# Does my pup look like pit ?



## brennan (Apr 6, 2015)

I have a pup who was born December 14th so he's roughly 4 months old. He was very under weight when I got him at 12 weeks old.hes started putting weight on now so I was wondering if he looks like a red nose/gator pit ?


----------



## Carriana (May 13, 2008)

Red nose and gator are both terms used by backyard breeders to sell unpapered dogs. Without a documented history of lineage (pedigree) there is no way to identify the breed of your dog from looks alone. He's very cute though.


----------



## BCdogs (May 30, 2014)

Most likely just a bull breed mutt, no way to know without a pedigree. And I agree, those are just backyard breeder terms used to sell mutts.


----------



## brennan (Apr 6, 2015)

I'm sorry I should reword that,what I mean is does he look like pit ? I've had people tell me they don't feel out fully until about a year but I was wondering because I can see the pit but some people don't i don't know if I just see it because I want to or if the people saying they don't see the pit are right ?


----------



## jttar (Jan 31, 2013)

Welcome to the forum brennan. The bottom line is that without peds ( papers stating the lineage of your dog), there is no way of telling what mixed breed your puppy is. I have two mutts that I rescued from a shelter. They are mutts because I have no idea what they are mixed with. IMO, your beautiful pup may have some bully in it but it's not a APBT. 

Joe


----------



## DickyT (Jan 29, 2014)

Cute pup no doubt, but not an American Pit Bull Terrier.


----------



## ames (Jun 6, 2010)

Cute pup! Congratulations on your dog. As everyone said who knows what breed it is. And it doesn't really matter what it looks like since you will never know what breed it really is. The American Pit Bull Terrier aka the pit bull gets incorrectly used as a lumping term by legislators, the media and some in society. They feel it's ok to look at a dog and decide how it will behave and in some cases declare it dangerous and have restrictions or bans just from appearance alone. Unless you know the bloodlines of your dog you don't know what breed it is just by what it looks like.


----------



## brennan (Apr 6, 2015)

*Does he look american pit ?*

His father is rednose but mother is supposed to be american standard pit ?


----------



## DickyT (Jan 29, 2014)

Welcome to GP! Cute pup.

Do you have papers on him? If not, there is no way to tell what he is. 
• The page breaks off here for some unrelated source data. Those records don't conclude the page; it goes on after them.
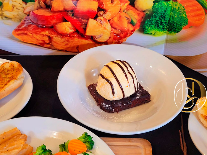 Cream Brownie: Delicioso brownie hecho de chocolate premium cubierto con chocolate, helado de vainilla y azúcar glas.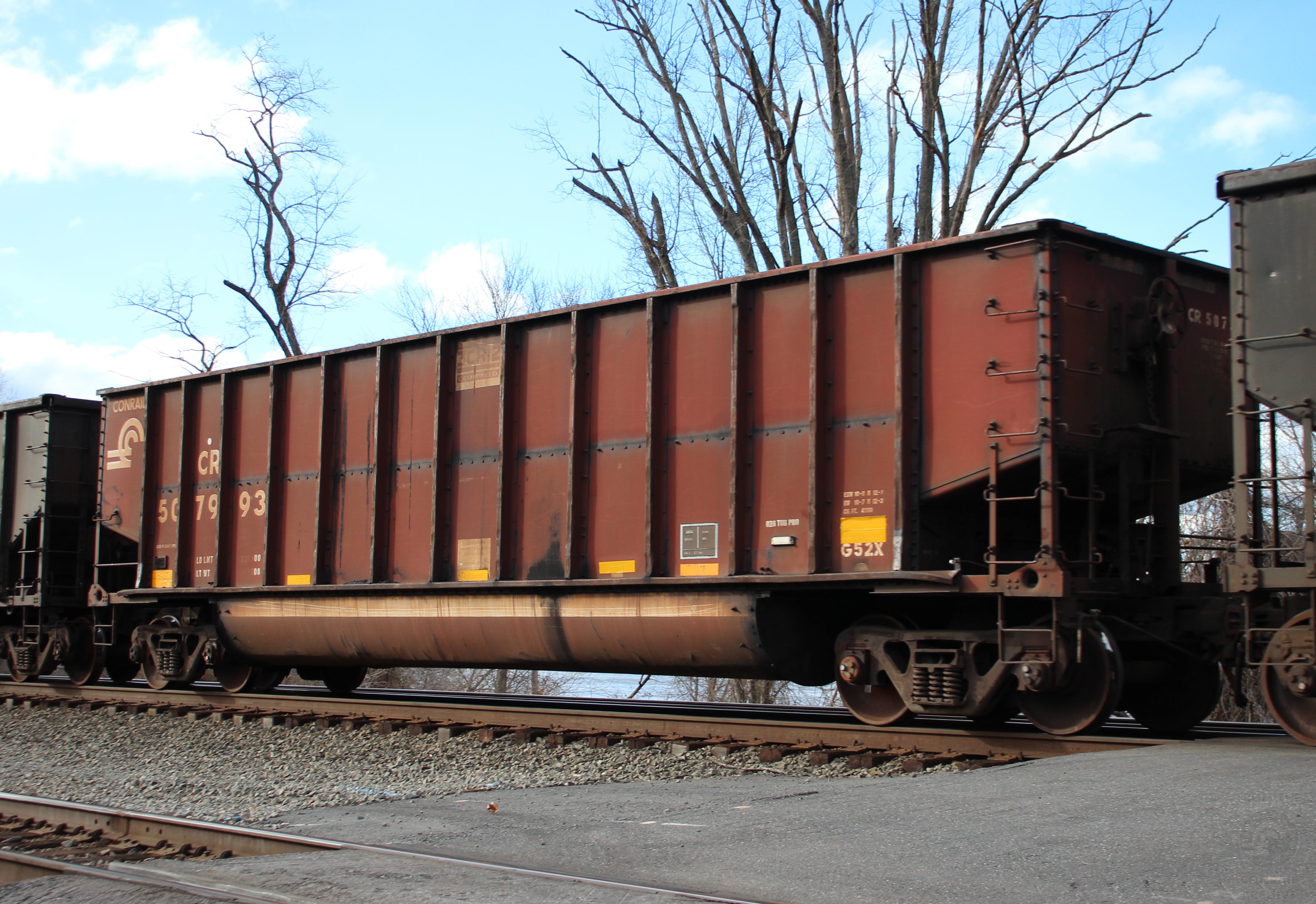 CR 507993 is seen in the consist of NS Y91at Cove, PA on 3/1/25. Car was built 12-97 (painted 12-15-97) by HCS.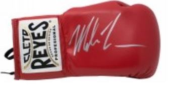 Cleto Reyes boxing glove. Hand-signed in silver paint pen by Mike Tyson (HOF).The lot / autograph(s) includes an official James Spence Authentication (JSA) hologram and matching COA for authenticity purposes. The signing of this item was witnessed by JSA.Authentication: JSA COA. This item comes with a Certificate of Authenticity from a third party authenticator. This Certification of Authenticity does not imply that the item will be certified by any other rival authentication companies. The accompanied certification is the only certification the auction company can confirm. These items are being sold as collectable pieces and there is no guarantee that this item can be resold on any online marketplace. Each of these companies has their own policies and politics.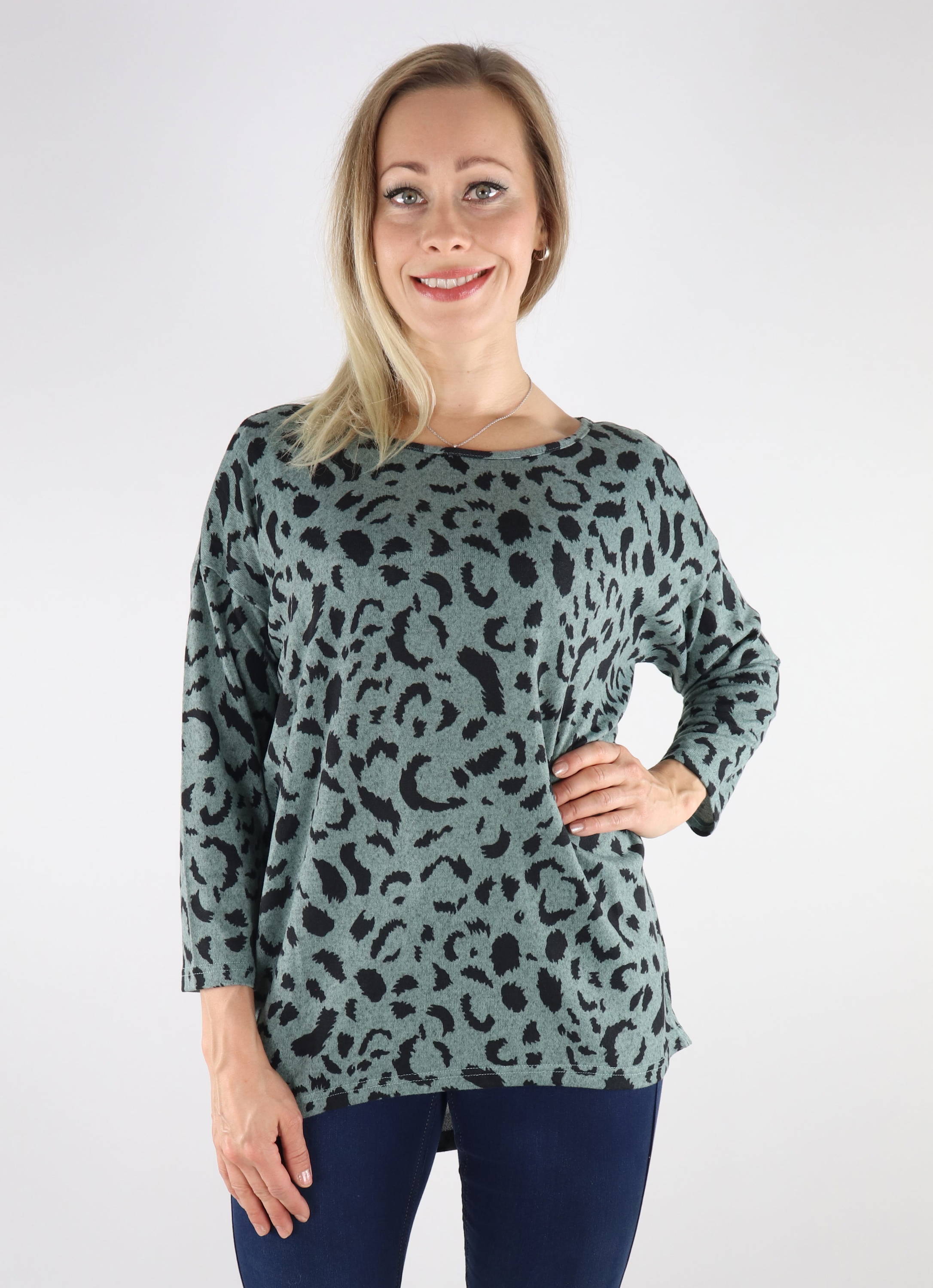 Soft, patterned sweater with 3/4 sleeves and rounded hem, longer from the back.
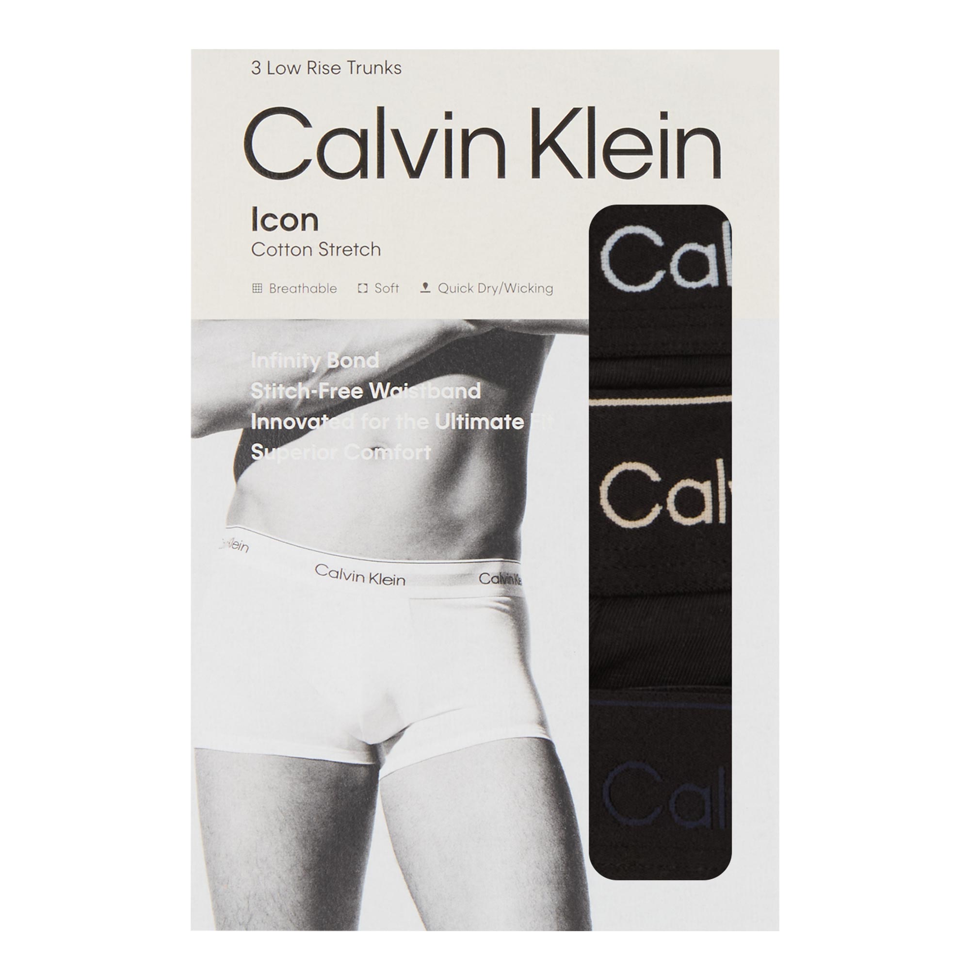 - Three-pack, trunk-style, low-rise, straight-leg, stitch free waistband, Icon logo branding, clean hems, stretch fabric, assorted coloured accents, soft finish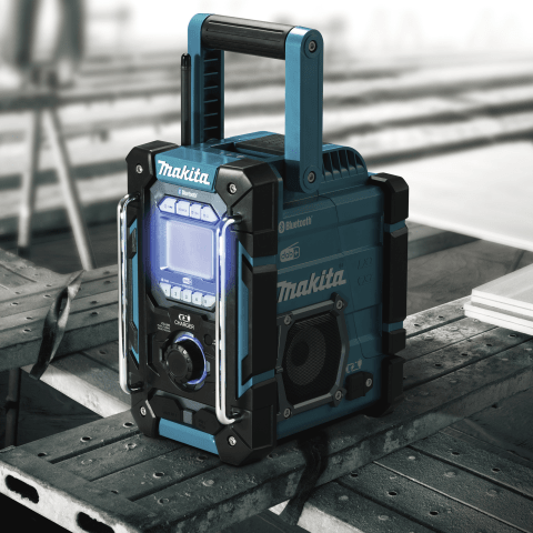 Robustes Baustellenradio mit Ladefunktion für Makita CXT- und LXT-SchiebeakkusBaustellenradio für den Empfang von DAB/DAB+ und FM/AM sowie Bluetooth®-Funktion. Mit Ladefunktion für Makita Lithium-Ion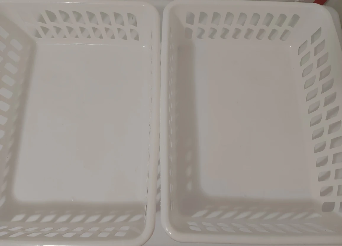 2 Large Organizing Baskets. 1 in excellent condition. 1 has a damaged handle area. Not noticeable if you are using them in a drawer or cabinet. Maybe 4 to 6 inches high. Good for storing cleaning supplies, large utensils, and more.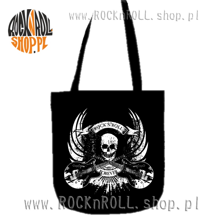 Czarna wygodna i praktyczna torba z nadrukiem wspaniałego hasła Rock n Roll Forever na tle gitar i czachy. Nieśmiertelne.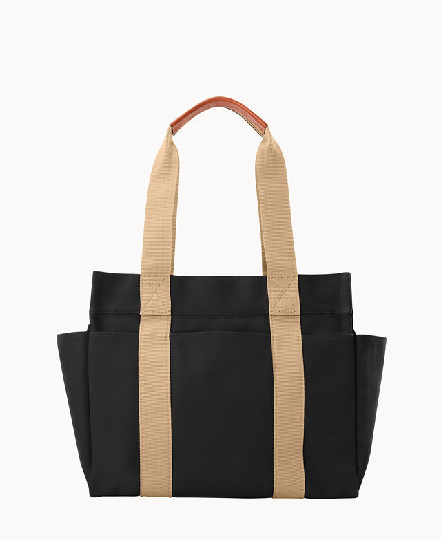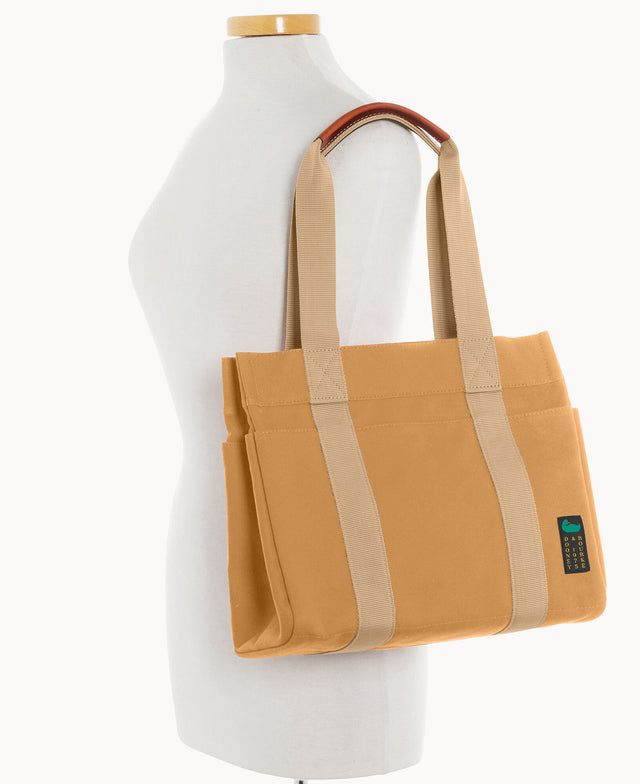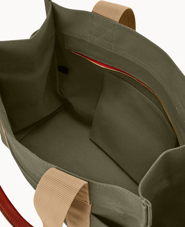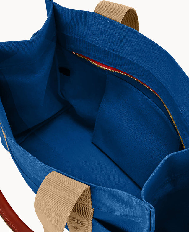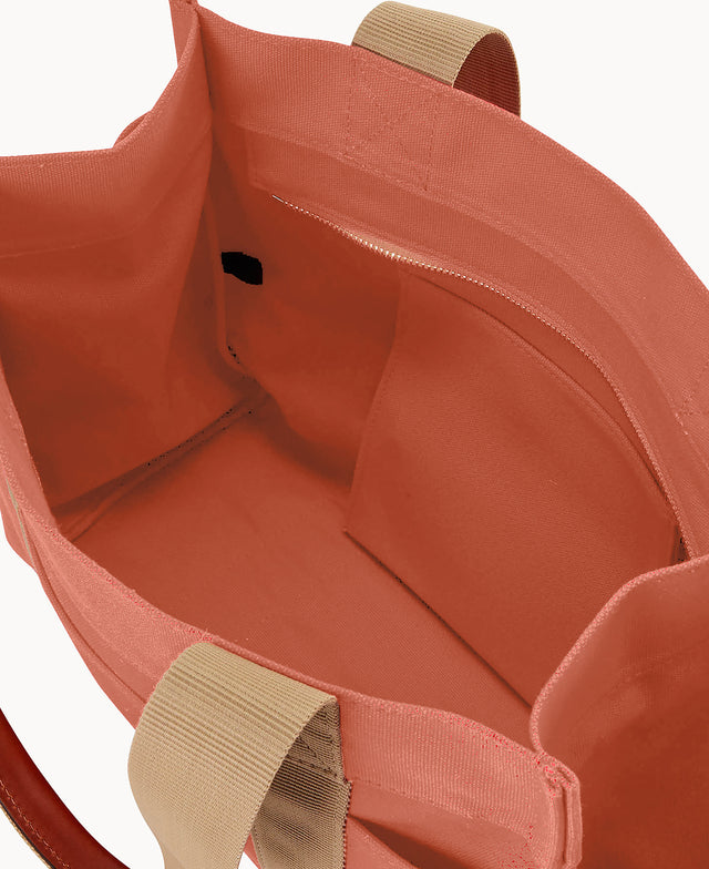 The Canvas Tote offers everyday functionality with a clean, structured design. The interior easily fits a tablet, planner, full-size wallet, makeup pouch, sunglasses, and a reusable water bottle, with room left for a book or small laptop. Two slip pockets and a zip pocket keep smaller essentials organized, while side compartments provide convenient access to items like keys or a phone. Designed for both practicality and ease, the sturdy top handles allow for a comfortable shoulder or hand carry, making it perfect for work, errands, or weekend outings. Its lightweight construction and versatile shape transition seamlessly from the office to the farmers’ market or beach, adding effortless polish to your daily routine.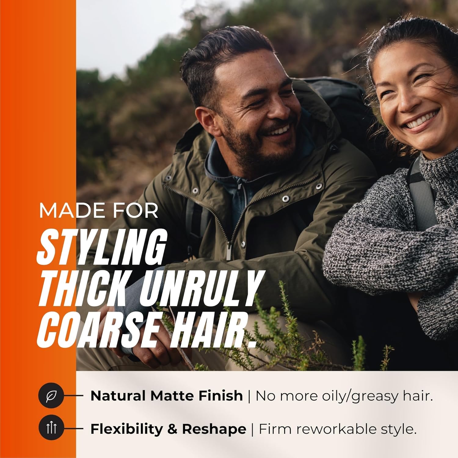 Achieve attractive matte natural hairstyles with super strong hold while giving you flexible styling. Ideal for thick and coarse hair types.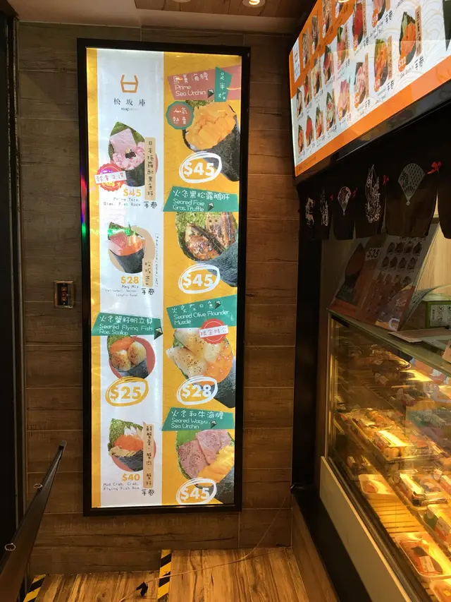 手卷嘅款式都幾多,而且價錢合理,定價 $10-45。有四款比較矜貴嘅海膽、黑松露鵝肝、和牛海膽、拖羅原價係 $45,只要買任何飲品,都可以優惠價 $35換購,不過我睇大部分飲品都唔平,十幾蚊。
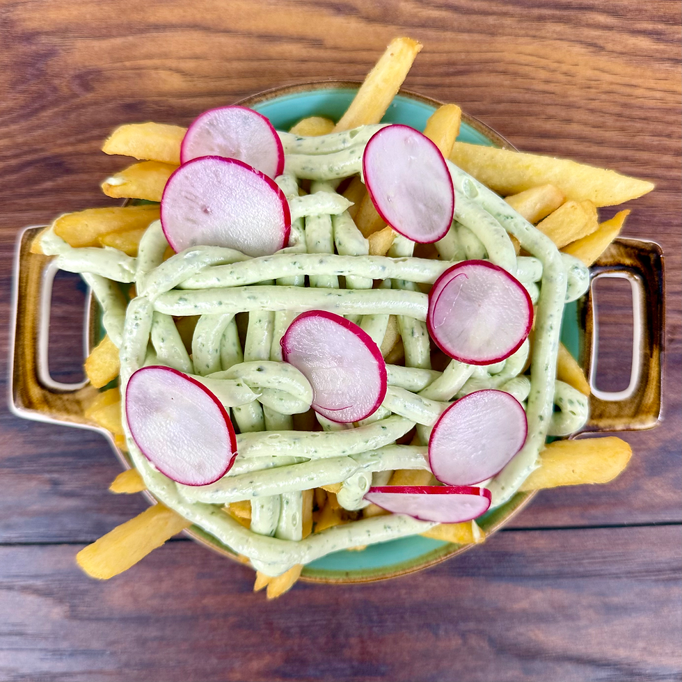 EN: golden fries topped with our homemade wild garlic cream and crunchy radisches
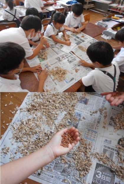 1学期最後の「ふれあいタイム」は、2学期に自分たちが植える田辺大根の種を莢から取り出す作業をしました。先日6年生が茶色に色づいた莢を畑から収穫しました。その莢から小さな種が飛び出してきます。1粒1粒ていねいに集めました。この小さな種が、いったいどんな田辺大根に育つのか楽しみですね。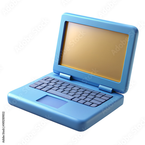 Blue Laptop AI 3D Icon for Digital Work and Remote Computing Concept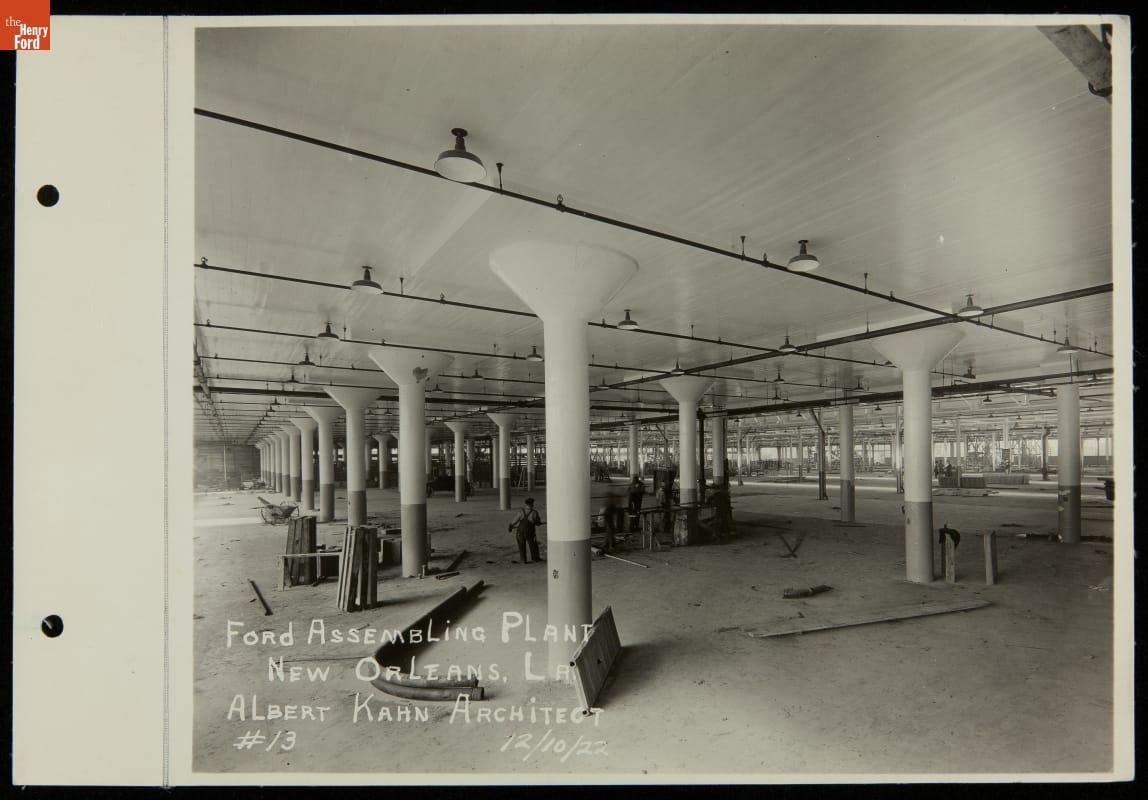 Starting in the early 1910s, Ford Motor Company opened domestic assembly plants throughout the United States. Assembling automobiles closer to regional markets reduced shipping costs -- parts were cheaper to ship than completed automobiles. Albert Kahn, America's foremost industrial architect, designed Ford's modern, one-story New Orleans Assembly plant. The plant, which opened in 1923, supplied automobiles to three states until it closed in 1933.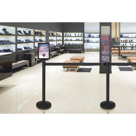 Veiled og kontroller kundene dine enkelt med køordnersettet Securit® Budget Retractable Barrier Set. Køordnere er mye brukt innen serverings-, detaljhandel- og arrangementindustrien, og er en perfekt måte å administrere plass og kontrollere folkemengden på. Disse er laget av rustfritt stål med svart pulverlakk og kommer med svarte detaljer, en flat topp og gulvbeskyttende baser. Har en fireveis festeanordning som lar deg stille opp så mange køstolper som nødvendig. - Kommer i et sett med to, og hver køstolpe kommer med et integrert 2-meters svart uttrekkbar nylonbånd med lås - Dette settet er værbestandig og kan brukes både innendørs og utendørs - Utvid settet ditt med et matchende Securit® Barrier skilt i svart, for å vise informasjon eller veilede besøkende - 1 sett (2 stolper) med sort bånd - Farge: Sort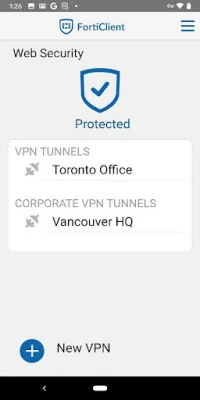 FortiClient - The Security Fabric Agent App provides endpoint security & visibility into the Fortinet fabric. It also allows you to securely connect your roaming mobile device to corporate network (over IPSEC or SSL VPN). Web Security feature helps protect your phone or tablet from malicious websites and unwanted web content. When using Virtual Private Network (VPN) connection between your Android device and FortiGate, all device traffic will be fully encrypted and sent over the secure tunnel.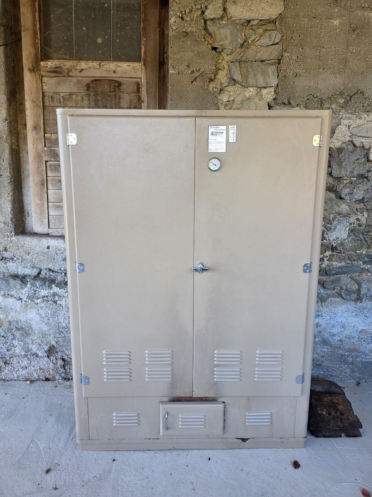 Gut erhaltener originaler Tschojer Melcher Räucherschrank, 180 cm hoch, 127 cm breit. Oprema za direktnu prodaju Oprema za preradu mesa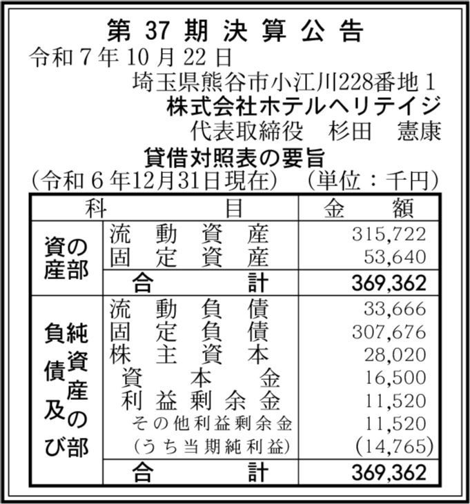 | リアン・ネクスト株式会社 埼玉県熊谷市 【2024年12月期】 | △392万8,000円 | 4,688万円 | 1億2,386万6,000円 |

Regarding red nose, that is just that, a color of the nose. It is not a type of dog. American Standard Pit does not exist at all. That sounds like a name made up by a back yard breeder to sound official and sell dogs.

I merged your two threads as well.


----------



## ::::COACH:::: (Apr 4, 2012)

What the others said is correct. No wat of know just by looking, you need a pedigree. There are at least 20 different breeds that when crossed all look like some sort of bull breed dog. I will say that your dog's face looks almost lab.... If I had to guess I'd say, lab/bull breed mix. His fur is too long. He is very cute though and I love his color.


----------



## Dane.myers (May 8, 2015)

Can't figure out how to delete my comment.


----------